## Material shown
- Opening Delimiter -

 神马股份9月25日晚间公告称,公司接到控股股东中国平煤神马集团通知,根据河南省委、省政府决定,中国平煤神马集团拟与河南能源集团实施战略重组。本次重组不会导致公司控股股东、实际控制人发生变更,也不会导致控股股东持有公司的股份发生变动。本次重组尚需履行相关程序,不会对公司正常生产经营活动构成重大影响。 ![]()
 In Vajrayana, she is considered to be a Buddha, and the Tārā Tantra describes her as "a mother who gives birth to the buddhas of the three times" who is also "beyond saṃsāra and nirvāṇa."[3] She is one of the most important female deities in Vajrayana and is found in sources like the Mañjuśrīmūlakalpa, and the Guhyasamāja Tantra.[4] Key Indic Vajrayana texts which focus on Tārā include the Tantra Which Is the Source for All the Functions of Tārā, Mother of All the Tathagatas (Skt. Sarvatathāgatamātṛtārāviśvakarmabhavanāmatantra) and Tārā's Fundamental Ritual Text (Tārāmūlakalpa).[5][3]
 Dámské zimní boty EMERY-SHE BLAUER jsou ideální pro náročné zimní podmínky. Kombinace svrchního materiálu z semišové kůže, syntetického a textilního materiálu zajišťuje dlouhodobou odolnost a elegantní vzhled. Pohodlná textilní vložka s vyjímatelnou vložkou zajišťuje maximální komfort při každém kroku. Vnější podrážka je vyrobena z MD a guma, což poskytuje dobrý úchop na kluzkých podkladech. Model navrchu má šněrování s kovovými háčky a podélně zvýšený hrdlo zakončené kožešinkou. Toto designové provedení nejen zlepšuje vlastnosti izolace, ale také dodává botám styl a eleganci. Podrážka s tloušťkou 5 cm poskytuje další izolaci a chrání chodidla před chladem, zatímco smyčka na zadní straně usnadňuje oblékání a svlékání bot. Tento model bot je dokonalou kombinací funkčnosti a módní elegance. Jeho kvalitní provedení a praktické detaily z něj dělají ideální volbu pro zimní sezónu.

- Closing Delimiter -
- Opening Delimiter -

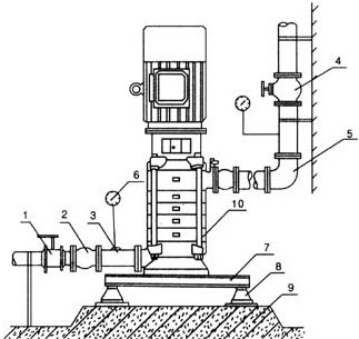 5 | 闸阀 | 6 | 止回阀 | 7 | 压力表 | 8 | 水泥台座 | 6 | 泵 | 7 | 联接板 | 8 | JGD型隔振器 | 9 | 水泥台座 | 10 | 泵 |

- Closing Delimiter -

## What the task requires
Quote the data above from the line containing "神马股份9月25日晚间公告称" to the line containing "In Vajrayana, she", inclusive, and stop.

## Output for this exercise
 神马股份9月25日晚间公告称,公司接到控股股东中国平煤神马集团通知,根据河南省委、省政府决定,中国平煤神马集团拟与河南能源集团实施战略重组。本次重组不会导致公司控股股东、实际控制人发生变更,也不会导致控股股东持有公司的股份发生变动。本次重组尚需履行相关程序,不会对公司正常生产经营活动构成重大影响。 ![]()
 In Vajrayana, she is considered to be a Buddha, and the Tārā Tantra describes her as "a mother who gives birth to the buddhas of the three times" who is also "beyond saṃsāra and nirvāṇa."[3] She is one of the most important female deities in Vajrayana and is found in sources like the Mañjuśrīmūlakalpa, and the Guhyasamāja Tantra.[4] Key Indic Vajrayana texts which focus on Tārā include the Tantra Which Is the Source for All the Functions of Tārā, Mother of All the Tathagatas (Skt. Sarvatathāgatamātṛtārāviśvakarmabhavanāmatantra) and Tārā's Fundamental Ritual Text (Tārāmūlakalpa).[5][3]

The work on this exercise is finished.